可是,她又能怎么做?在这个空间里,出了苏府的大院,她也是茫无头绪,她又能带着这个被人追杀的无路可逃的人去哪里呢?
不过,尽管这样,她也不后悔自己的决定,她要救他,一定要救!
苏府旧宅在苏街外面的一条有些僻静的街道上,景云没有来过,她只是听含秋说起过这里——幽静、整洁。而且,这里毕竟挂了苏府的名号,官府的人不敢轻易前来搜查。
马车没有直接进府,因为景云不太放心,荷包里的铜板付了车费,她搀着穆贤下车步行。
含秋说过,苏府的旧宅是两进院落,前院现在是苏洛母亲养病住的,后院空着。
绕到旧宅后院,运气还算不错,小门半开着,大概是因为府里已经空了,所以,也没人前来打理了吧。
穆贤虽然瘦,但是毕竟高,再加上梅思雪的身材矮小,仅到他的胸口,所以搀扶着这个全身已经用不上力的人进府,几乎要了她半条命。
好容易找到一间空置但是还算隐蔽房间,景云扶他进去。
“麻烦你了。”穆贤的唇色发紫,并且全身发抖。
“说这些做什么。”扶他躺在一张床板有些破旧的床上,景云总算松了一口气,这间小屋在苏府后院的角落里,屋中四角已经起了许多层蛛网,想必已经很久很久没有人来了,暂时养在这里,应该没有太大的危险,只是……他的病怎么办?

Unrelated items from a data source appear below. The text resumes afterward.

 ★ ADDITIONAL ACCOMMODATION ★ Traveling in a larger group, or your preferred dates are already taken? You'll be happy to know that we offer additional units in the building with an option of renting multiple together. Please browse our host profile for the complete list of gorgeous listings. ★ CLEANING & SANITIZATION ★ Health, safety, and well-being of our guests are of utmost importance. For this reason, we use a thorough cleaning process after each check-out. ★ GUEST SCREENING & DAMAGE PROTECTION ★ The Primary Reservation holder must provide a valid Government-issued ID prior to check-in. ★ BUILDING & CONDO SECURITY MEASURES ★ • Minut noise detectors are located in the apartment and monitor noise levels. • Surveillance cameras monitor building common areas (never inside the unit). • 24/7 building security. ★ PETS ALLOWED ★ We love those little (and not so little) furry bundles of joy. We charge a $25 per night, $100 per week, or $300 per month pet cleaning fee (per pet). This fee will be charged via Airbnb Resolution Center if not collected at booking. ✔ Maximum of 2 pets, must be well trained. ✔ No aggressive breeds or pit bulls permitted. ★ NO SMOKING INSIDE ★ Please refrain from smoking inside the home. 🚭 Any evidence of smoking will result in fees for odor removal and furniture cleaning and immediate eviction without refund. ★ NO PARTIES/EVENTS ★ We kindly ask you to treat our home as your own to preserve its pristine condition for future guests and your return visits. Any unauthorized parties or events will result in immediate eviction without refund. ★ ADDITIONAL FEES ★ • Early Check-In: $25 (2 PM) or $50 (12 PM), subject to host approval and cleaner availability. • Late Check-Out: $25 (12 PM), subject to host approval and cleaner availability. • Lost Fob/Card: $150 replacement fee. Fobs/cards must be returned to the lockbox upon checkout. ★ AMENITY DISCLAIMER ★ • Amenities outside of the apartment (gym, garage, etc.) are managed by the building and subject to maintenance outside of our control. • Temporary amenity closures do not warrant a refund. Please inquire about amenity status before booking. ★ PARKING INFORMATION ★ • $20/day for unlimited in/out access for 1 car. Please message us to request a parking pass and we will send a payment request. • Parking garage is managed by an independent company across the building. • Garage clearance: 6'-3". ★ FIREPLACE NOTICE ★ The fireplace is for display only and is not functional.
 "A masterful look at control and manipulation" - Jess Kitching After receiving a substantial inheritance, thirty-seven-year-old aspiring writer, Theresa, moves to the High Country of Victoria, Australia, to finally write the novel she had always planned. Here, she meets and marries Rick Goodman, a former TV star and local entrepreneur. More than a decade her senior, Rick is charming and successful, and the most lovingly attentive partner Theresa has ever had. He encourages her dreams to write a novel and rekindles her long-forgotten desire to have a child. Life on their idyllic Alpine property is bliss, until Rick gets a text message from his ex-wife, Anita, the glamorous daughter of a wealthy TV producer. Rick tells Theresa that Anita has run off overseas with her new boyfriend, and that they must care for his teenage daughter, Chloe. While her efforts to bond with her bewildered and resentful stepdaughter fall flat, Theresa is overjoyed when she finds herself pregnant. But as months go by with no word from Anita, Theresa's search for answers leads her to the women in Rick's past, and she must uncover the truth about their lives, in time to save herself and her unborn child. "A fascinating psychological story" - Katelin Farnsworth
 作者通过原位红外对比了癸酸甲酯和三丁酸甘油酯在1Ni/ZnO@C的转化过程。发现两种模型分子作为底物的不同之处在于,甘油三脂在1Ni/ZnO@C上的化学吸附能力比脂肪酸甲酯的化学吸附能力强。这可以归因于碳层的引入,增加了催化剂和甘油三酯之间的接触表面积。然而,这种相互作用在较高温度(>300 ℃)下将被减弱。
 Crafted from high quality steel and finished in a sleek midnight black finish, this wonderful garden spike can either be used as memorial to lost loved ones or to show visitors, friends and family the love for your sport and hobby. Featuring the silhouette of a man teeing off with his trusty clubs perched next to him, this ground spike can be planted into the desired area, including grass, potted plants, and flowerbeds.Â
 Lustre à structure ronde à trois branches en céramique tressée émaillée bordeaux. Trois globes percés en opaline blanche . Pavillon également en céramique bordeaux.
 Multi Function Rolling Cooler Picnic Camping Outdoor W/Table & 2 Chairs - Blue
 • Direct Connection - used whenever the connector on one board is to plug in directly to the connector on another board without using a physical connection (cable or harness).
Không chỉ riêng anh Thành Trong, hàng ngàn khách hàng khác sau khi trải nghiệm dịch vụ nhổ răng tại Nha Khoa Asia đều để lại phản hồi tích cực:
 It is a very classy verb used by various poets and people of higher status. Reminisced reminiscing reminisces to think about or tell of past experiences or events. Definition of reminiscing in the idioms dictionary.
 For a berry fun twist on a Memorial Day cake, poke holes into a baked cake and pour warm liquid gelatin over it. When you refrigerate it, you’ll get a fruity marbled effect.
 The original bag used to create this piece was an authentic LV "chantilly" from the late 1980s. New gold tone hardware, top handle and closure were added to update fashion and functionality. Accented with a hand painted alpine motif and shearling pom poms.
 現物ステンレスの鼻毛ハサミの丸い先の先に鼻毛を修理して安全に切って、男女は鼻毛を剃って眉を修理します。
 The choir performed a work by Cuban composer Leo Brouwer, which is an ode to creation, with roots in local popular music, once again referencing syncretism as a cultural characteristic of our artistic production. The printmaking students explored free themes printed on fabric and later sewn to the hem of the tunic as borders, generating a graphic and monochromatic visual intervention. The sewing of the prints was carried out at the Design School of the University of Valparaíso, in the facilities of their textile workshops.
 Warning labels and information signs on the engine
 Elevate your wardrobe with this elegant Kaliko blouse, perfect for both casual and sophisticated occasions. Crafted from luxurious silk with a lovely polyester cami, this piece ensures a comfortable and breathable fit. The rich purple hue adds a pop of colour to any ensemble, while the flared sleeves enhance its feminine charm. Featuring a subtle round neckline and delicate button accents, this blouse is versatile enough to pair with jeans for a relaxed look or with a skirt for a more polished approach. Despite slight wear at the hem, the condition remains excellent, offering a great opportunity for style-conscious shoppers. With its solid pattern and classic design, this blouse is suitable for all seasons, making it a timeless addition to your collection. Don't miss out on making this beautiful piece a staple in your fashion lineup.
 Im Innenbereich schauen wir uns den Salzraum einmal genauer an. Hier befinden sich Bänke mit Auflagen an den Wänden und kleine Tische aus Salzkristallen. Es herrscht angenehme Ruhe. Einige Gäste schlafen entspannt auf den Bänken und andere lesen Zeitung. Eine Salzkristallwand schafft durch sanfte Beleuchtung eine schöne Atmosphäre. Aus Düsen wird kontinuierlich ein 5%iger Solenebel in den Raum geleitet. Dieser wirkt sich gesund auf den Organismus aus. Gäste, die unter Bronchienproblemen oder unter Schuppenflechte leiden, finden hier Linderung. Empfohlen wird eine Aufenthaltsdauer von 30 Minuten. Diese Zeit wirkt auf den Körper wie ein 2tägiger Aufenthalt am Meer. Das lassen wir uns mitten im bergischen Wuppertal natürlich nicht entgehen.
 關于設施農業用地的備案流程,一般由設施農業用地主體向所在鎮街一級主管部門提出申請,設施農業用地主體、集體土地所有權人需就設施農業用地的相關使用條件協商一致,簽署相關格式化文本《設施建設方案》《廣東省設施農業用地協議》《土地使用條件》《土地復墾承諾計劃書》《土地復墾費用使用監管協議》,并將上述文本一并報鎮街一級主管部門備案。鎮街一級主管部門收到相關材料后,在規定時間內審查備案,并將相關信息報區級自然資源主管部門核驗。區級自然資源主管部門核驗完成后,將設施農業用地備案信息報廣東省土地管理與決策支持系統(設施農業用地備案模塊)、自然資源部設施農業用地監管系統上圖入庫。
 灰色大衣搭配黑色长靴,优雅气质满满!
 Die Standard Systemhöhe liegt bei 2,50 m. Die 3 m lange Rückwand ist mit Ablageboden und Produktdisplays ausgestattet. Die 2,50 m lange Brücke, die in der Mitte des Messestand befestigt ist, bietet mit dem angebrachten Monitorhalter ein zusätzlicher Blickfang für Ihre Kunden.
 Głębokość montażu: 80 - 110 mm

昨夜裹在他伤口上的布又被血色浸透,白布变成了紫黑色,如果再这样下去,真的不知道会有什么后果。
可是现在,她又能做什么。
悄悄退出房间,她查看着整个院落的情形,出了边角小门,有一口废弃的破井,对于景云来说,这个堆满尘土的井台无疑是救命之地。
打上清水,她撩起外裙,将整个衬裙全部撕了下来,然后撕成条条长布,一半浸水,一半搭在手腕上,没有水盆,她只能提着水桶跌跌撞撞的摸回院子。
床上的穆贤几乎说不出话了,他看着去而复返的景云,吃力的笑了一下。
景云明白他的意思,安慰道:“放心,我不会报官的。”
接下来便是紧张的忙碌,她用撕下来的衬裙沾了清水为他擦拭伤口,然后又用干净的布为他擦拭伤口,那条肮脏不堪的腿终于清爽了,景云终于舒了一口气,随即把剩下的布全部丢到桶里沾水,敷在他的额头上。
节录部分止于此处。